Treatment with r-Irisin recovers bone loss in vertebrae from hindlimb-suspended mice. (a) Von Kossa-stained vertebral sections and trabecular bone parameters from normal loading mice (Rest vehicle-inj), unloaded mice treated with vehicle or recombinant Irisin (first r-Irisin injection after 4 weeks of hindlimb suspension, at the dose of 100 µg kg⁻¹ per week for 28 days) and reloaded mice (Reload vehicle-inj) (magnification: 2.5x). (b) Representative images of tartrate-resistant acid phosphatase-stained osteoclasts in vertebral sections, together with osteoclast counts per bone perimeter (BPm). (magnification: 40x). (c) Representative images of Goldner’s Masson Trichrome-stained vertebral sections (magnification: 10x) and photomicrograph of details taken at 40x, together with measurement of percentage of osteoid per bone surface (BS). n = 4–5 mice per group.

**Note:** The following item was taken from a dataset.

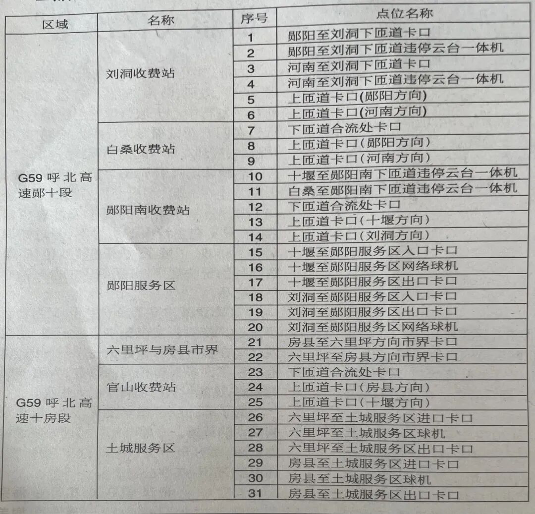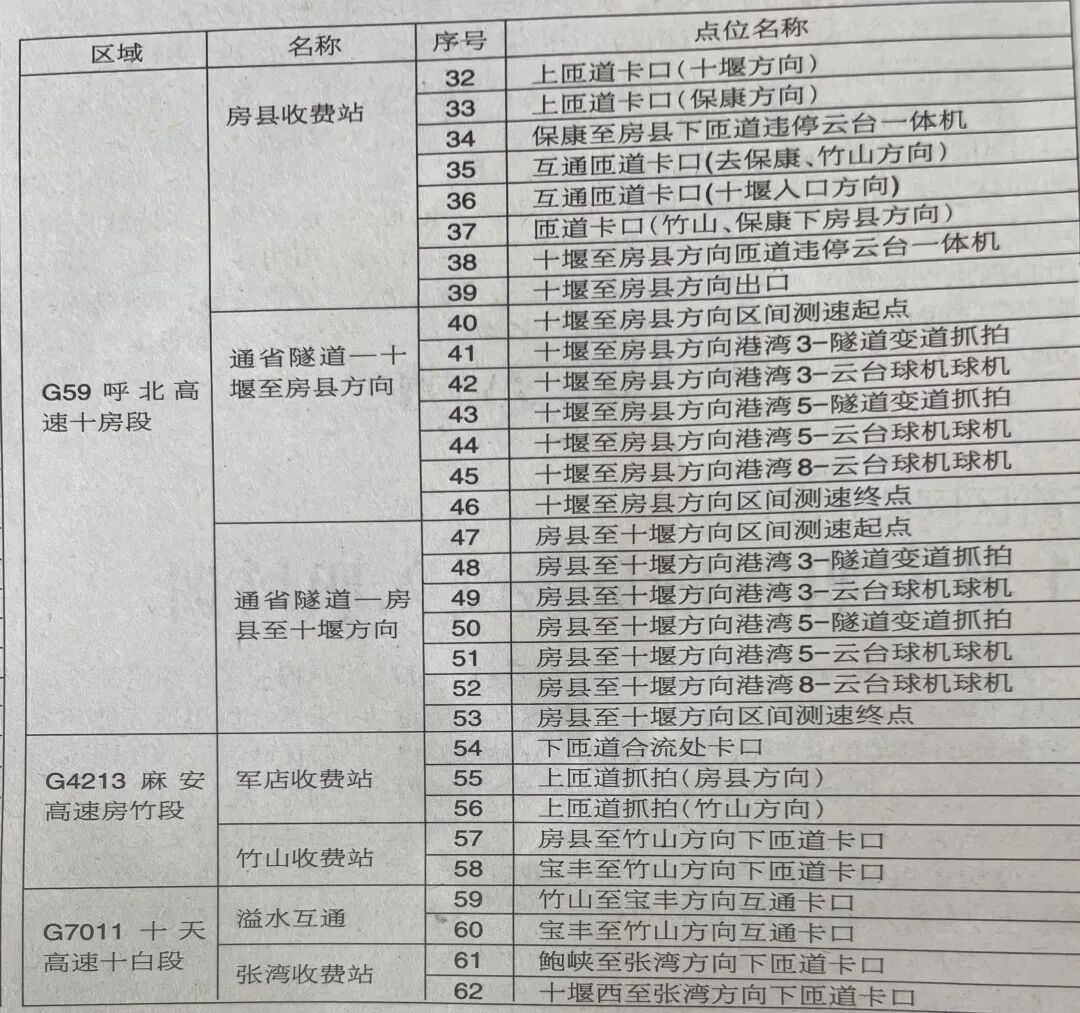 二、启用时间公安机关高速公路警察部门将于2022年4月1日起开始启用电子监控抓拍设备,对上述交通违法行为进行实时视频取证,并依法给予处罚三、具体点位(见下表)请广大驾驶员朋友自觉遵守有关规定,文明驾驶、规范行车,共同营造安全、有序、畅通的道路交通环境。

Data are presented as mean ± SEM. All data were normally distributed according to the Shapiro-Wilk normality test and analyzed by one-way ANOVA and Bonferroni’s post hoc analysis. *p ≤ 0.05, **p ≤ 0.01 versus Rest vehicle-injected mice. ^{^} p ≤ 0.05, ^{^^} p ≤ 0.01 versus Unload vehicle-injected mice.